Fluid inclusions with gas bubbles as geothermometers

Abstract

Two types of fluid inclusions can be distinguished. The first is based on the assumption of Sorby (1858) that a homogeneous phase, such as water, salt solution, or CO2, is entrapped, meaning that the bubbles result from the gas of the enclosed fluid. The second type includes foreign gas entrapped with the fluid. “Sorby”-type inclusions can be used as thermometers if either the formation pressure is known, or the pressure impact has been shown to be unimportant. It is only possible to neglect pressure in cases where the degree of filling is high enough that bubbles vanish at low temperatures.

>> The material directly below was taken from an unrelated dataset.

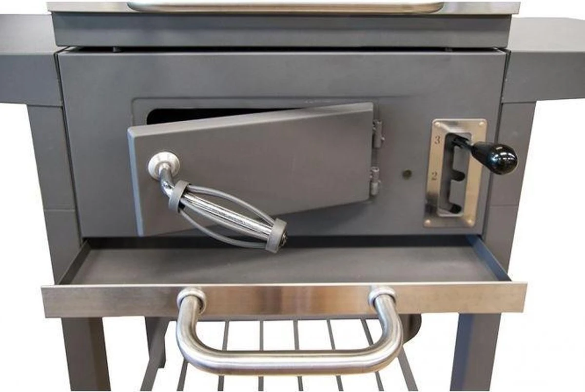 Met deze buitenkeuken van El Fuego slaagt elk barbecuefeest! Deze functionele barbecue onderscheidt zich van andere barbecues door de in hoogte verstelbare kolenbak. Hiermee verplaatst u de gloeiende briketten eenvoudig dichter of verder van de ingrediënten op het grilrooster. Ideaal voor als het ene gerecht op een hogere temperatuur gegrild moet worden dan het andere gerecht. Daarnaast heeft de Ottawa S een stevig onderstel en een aslade om de barbecue eenvoudig weer schoon te krijgen.

If, during entrapment, the fluid included dissolved foreign gas that was released during cooling, it is even more dangerous to equate filling with formation temperatures. Compared with Sorby-type inclusions, even less information is available about the expected large-pressure impact. If foreign gas was entrapped as bubbles, the filling temperature may significantly deviate from the formation temperature and may even increase at first during heating. Such non-Sorby-type inclusions can be identified by measuring the degree of filling and comparing the related filling temperature with that of water and C02, respectively, at a similar degree of filling. The question of the composition of the inclusions is important not only for determining temperatures, but also for solving questions about the formation and alteration of rocks. Attention is drawn to the method of Brewster (1826), who determined the refractive index by using the total reflection. All these remarks are valid for both primary and secondary inclusions. The decrepitation method is not an appropriate means to distinguish primary from secondary inclusions. Further, it is not suited to determine the type of inclusion, or the degree of filling.